Jamalla Matar era riuscito fra incredibili pericoli a far avere notizie alla famiglia fino al 1996. Poi silenzio. Ad Abu Salim il 29 giugno 1996 furono fucilati 1.270 prigionieri e Hisham non sa se fra quelli vi fosse suo padre.
Anche il fratello minore, zio di Hisham, e alcuni cugini erano stati arrestati e sarebbero stati rilasciati dopo vent'anni nel 2011 grazie al chiasso mediatico creato da Hisham ormai scrittore naturalizzato inglese.

Hisham Matar ricostruisce la figura del padre, giovane appassionato di poesia (una volta aveva detto a suo figlio “conoscere un libro a memoria è come avere una casa dentro il petto”), alto ufficiale dell’esercito, diplomatico, imprenditore di successo, leader nato, patriota convinto, oppositore del regime di Gheddafi, ma ricostruisce anche il proprio tormento di Telemaco bloccato dall’assenza di Ulisse, nella continua incertezza del destino del padre.

Un racconto emblematico dei nostri tempi, delle ambiguità dell’Europa che fa affari con i regimi totalitari invece di contrastarli.

Consigliato a chi ama le autobiografie storiche e soprattutto a chi vuole conoscere di più la storia recente della Libia.

Jaballa Matar “alzava la voce se veniva a sapere che un domestico aveva respinto una persona bisognosa. La regola era semplice, mai respingere chi ha bisogno. – Leggere nei loro cuori non è affar tuo, – mi disse una volta in cui avevo affermato con sicumera che mendicare era una professione. – Il tuo dovere non è di dubitare bensì di dare”.

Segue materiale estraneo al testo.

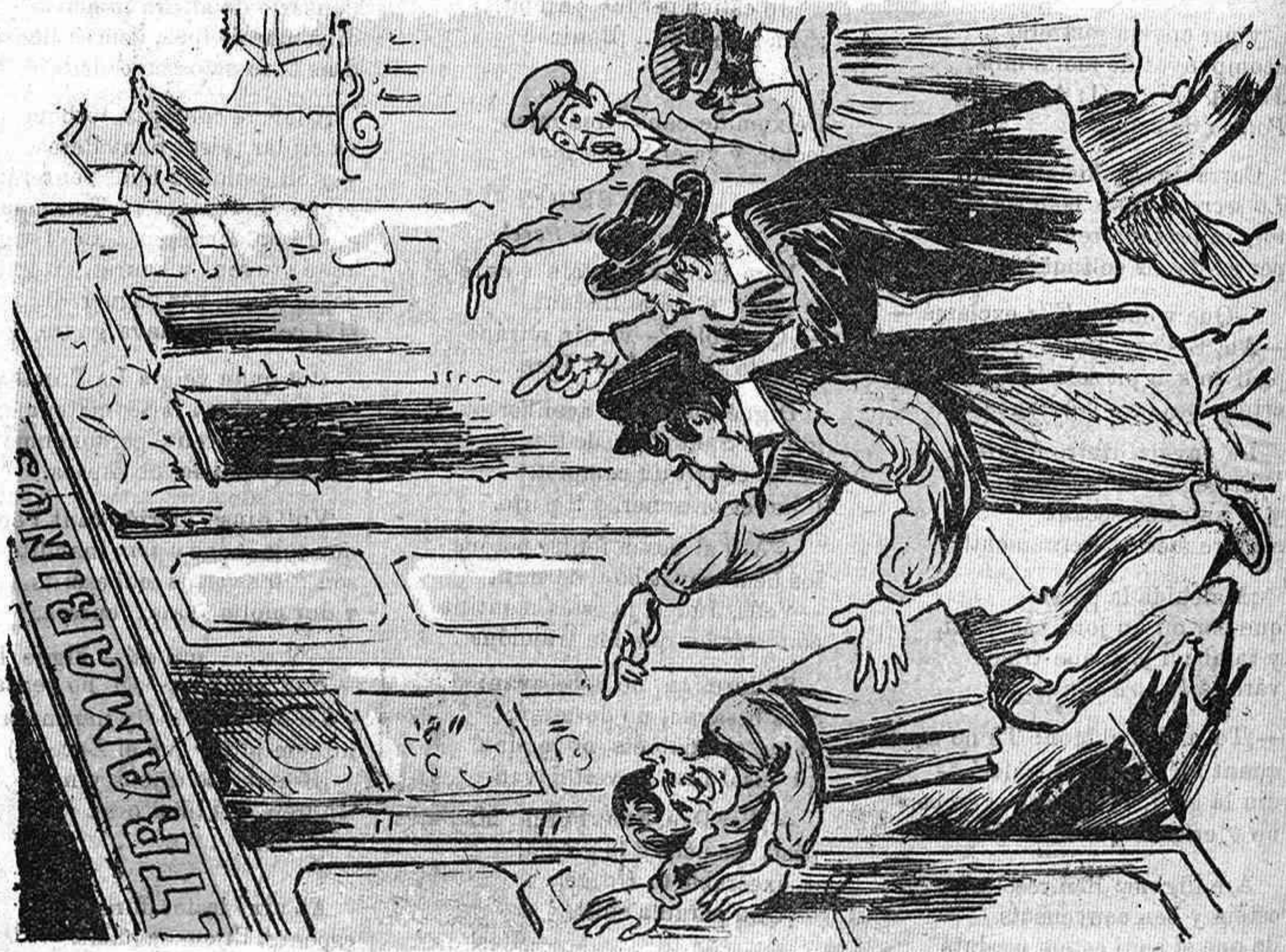
Perque 's compleixi el precepte del descans dominical, molts d' aquets passen las festas sense pogué descansar.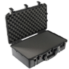
1555WF With Foam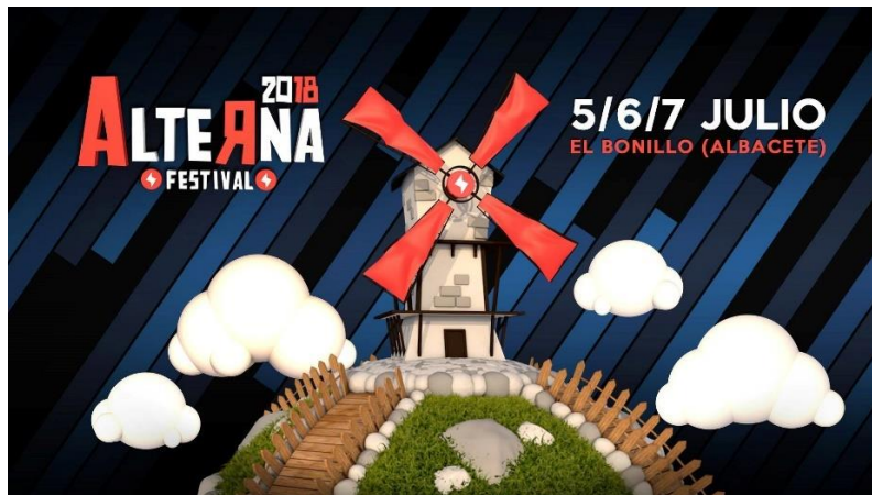
Figura 3.10. Anunciación de las fechas del Alterna Festival 2018. Alterna Festival. (2018). Facebook.com. Recuperado del 20 de mayo de 2018, de https://www.facebook.com/AlternaFestival/photos/pb.214833768617753.-2207520000.1526809820./1418831391551312/?type=3&theater

que dota de profesionalidad a este festival, que es capaz de adaptarse a todo tipo de medios estableciendo una comunicación unificada y fácilmente identificable como publicaciones del Festival.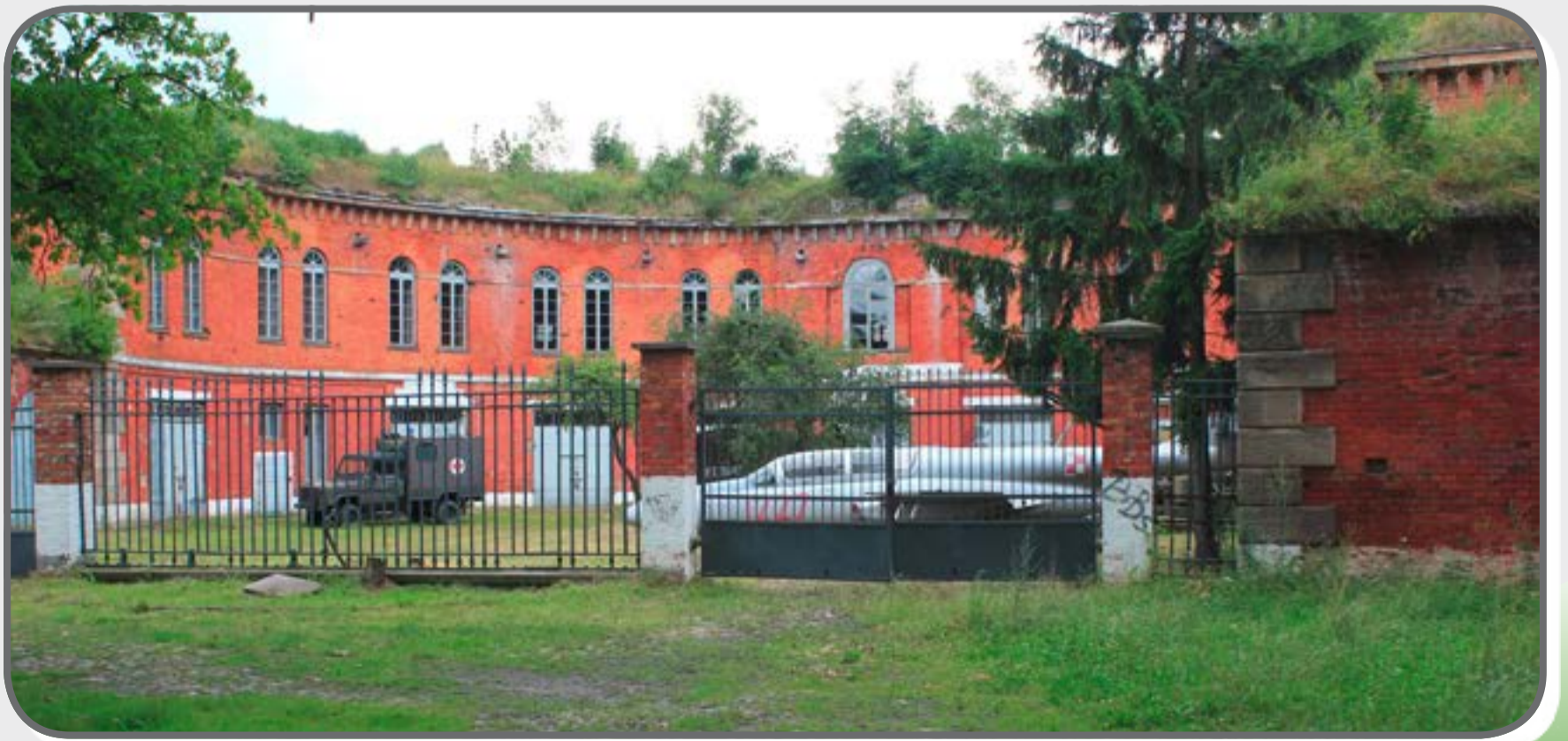
Działobitnia gen. Dehna

Działobitnia gen. Dehna została zbudowana w 1839 r. Nosi imię rosyjskiego generała, który kierował rozbudową twierdzy. Działobitnia była trzykondygnacyjną wieżą, zbudowaną na wzniesieniu. Miała dużą siłę rażenia, wyposażona była w 52 osie artyleryjskie i szerokie pole ostrzału. Otoczona była fosą, a na dole budynku znajdował się system chodników. Idziemy dalej kilkadziesiąt metrów dochodząc do ulicy Bema, skręcamy w prawo i po kilku krokach dojdziemy do ulicy Poniatowskiego. Tu spotykają się dwie nasze trasy.

"All'epoca in Egitto mia madre si comportava come se quel mondo dovesse durare per sempre. E credo sia quello che vogliamo dalle nostre madri: che conservino il mondo e, anche se é una menzogna, si comportino come se il mondo potesse essere conservato. Mentre mio padre era ossessionato dal passato e dal futuro, dal tornare in Libia e ricostruire il paese, mia madre era devota al presente. Per tale ragione fu lei l'elemento veramente radicale della mia adolescenza."

«Nel marzo 1990 mio padre fu sequestrato dai servizi segreti egiziani nel nostro appartamento del Cairo e consegnato a Gheddafi. Venne portato nella prigione di Abu Salim, a Tripoli, conosciuta come “l’ultima fermata”, il posto dove il regime spediva coloro che intendeva dimenticare.»

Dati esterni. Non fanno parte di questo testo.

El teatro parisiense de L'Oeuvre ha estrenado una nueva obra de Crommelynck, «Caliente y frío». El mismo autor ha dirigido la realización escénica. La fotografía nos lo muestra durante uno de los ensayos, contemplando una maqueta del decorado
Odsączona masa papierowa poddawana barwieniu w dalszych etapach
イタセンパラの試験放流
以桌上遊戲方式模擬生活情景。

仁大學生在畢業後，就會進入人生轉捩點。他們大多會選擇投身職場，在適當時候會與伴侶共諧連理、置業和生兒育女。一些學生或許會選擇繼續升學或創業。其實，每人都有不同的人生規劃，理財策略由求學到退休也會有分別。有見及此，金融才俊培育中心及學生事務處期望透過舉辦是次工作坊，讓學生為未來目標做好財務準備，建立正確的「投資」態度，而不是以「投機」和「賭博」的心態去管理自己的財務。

"Mio padre é morto ed é anche vivo. Non possiedo una grammatica per lui. E' nel passato, nel presente e nel futuro. Anche se gli avessi tenuto la mano, e l'avessi sentita cedere mentre esalava l'ultimo respiro, indugerei comunque, credo, ogni volta che mi riferisco a lui, in cerca del tempo verbale giusto. Ho il sospetto che anche coloro che hanno sepolto il proprio padre provino la stessa cosa. Io non sono diverso. Vivo, come tutti viviamo, nell'indomani."

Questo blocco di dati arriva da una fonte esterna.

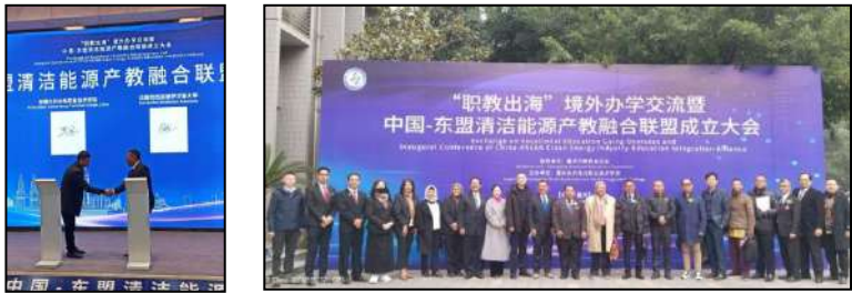
Gambar 2. Penandatanganan MoU di Chongqing

Dalam lingkup luar negeri, menjalin kemitraan dengan lembaga pendidikan dari luar negeri membawa sejumlah manfaat yang signifikan, mendukung pengembangan akademis, riset, dan prestasi global universitas di tanah air.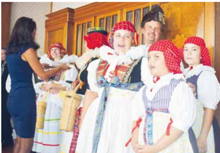
Krásná podívaná, když se radnici rozléhaly lidové písničky v podání i nejmladší generace z folklórních souborů.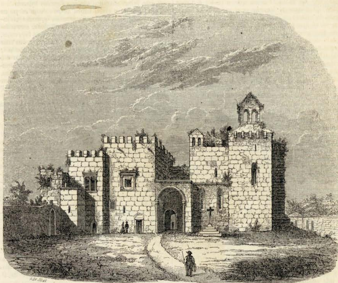
Flor da Rosa — Desenho de Nogueira da Silva, segundo um esboço de Lopes Mendes * — gravura de Pedroso

Ó monstro indigno do meu favor, e do titulo de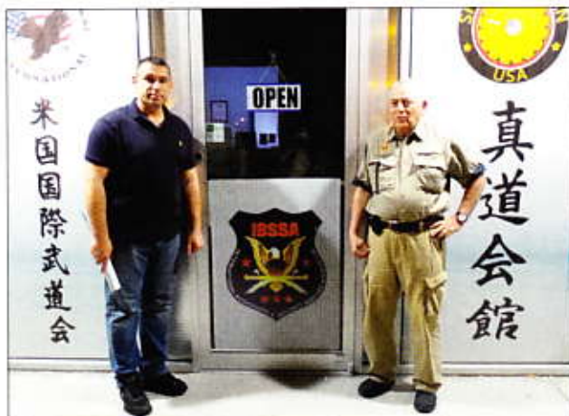
Floridában két új kiképzőbázis nyílt, az egyik Sarasotában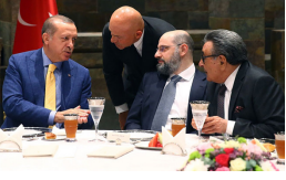
Erdoğan medya temsilcileriyle iftarda buluştu

Yerli ve Milli olarak milletimizin menfati olduğu yerde bana göre diğerleri teferruattır. Halkımızın moralinin yüksek tutulması sizlerle beraber olacaktır."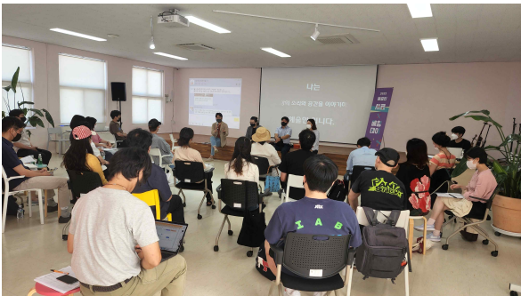
서로지원 매칭데이 : 인천 지역 예술인의 장르·영역간 협업을 도모하는 <예술인 서로지원사업>의 지원자들이 공개 PT로 이루어지는 심의 방식에 참여하고 있다.

"Il territorio che separa i padri dai figli ha disorientato molti viaggiatori...Telemaco e altri figli, i cui drammi privati scandiscono le ore silenziose, si sono spinti così lontano dall'incerta distanza tra passato e presente da sembrare spaesati. Sono uomini, come tutti gli uomini, entrati nel mondo grazie a un altro uomo, un garante che ha aperto la porta e, se sono fortunati, l'ha fatto con garbo, forse con un sorriso rassicurante e una pacca d'incoraggiamento su una spalla. E certo i padri sapevano, essendo stati a loro volta figli, che la presenza spettrale della loro mano sarebbe durata negli anni, fino alla fine del tempo, e che per quanto pesanti siano i fardelli caricati su quella spalla, o numerosi i baci che vi può posare un'amante, spinta forse dal segreto desiderio di cancellare le pretese di un altro, la spalla resterà fedele per sempre, ricordando la mano dell'uomo buono che li ha introdotti nel mondo. Essere un uomo significa essere un anello di tale catena di gratitudine e memoria, di biasimo e oblio, di resa e ribellione, fino a che lo sguardo del figlio si fa così sofferto e acuto che, guardando indietro, non vede altro che ombre. Il padre sprofonda ogni giorno di più nella notte, si spinge più oltre nella nebbia, lasciando indietro resti di se stesso e il dato di fatto colossale quanto ovvio, insieme frustrante e misericordioso - giacché come potrebbe un figlio continuare a vivere se non dovesse anche dimenticare -, che per quanto ci sforziamo non arriveremo mai a conoscere davvero i nostri padri."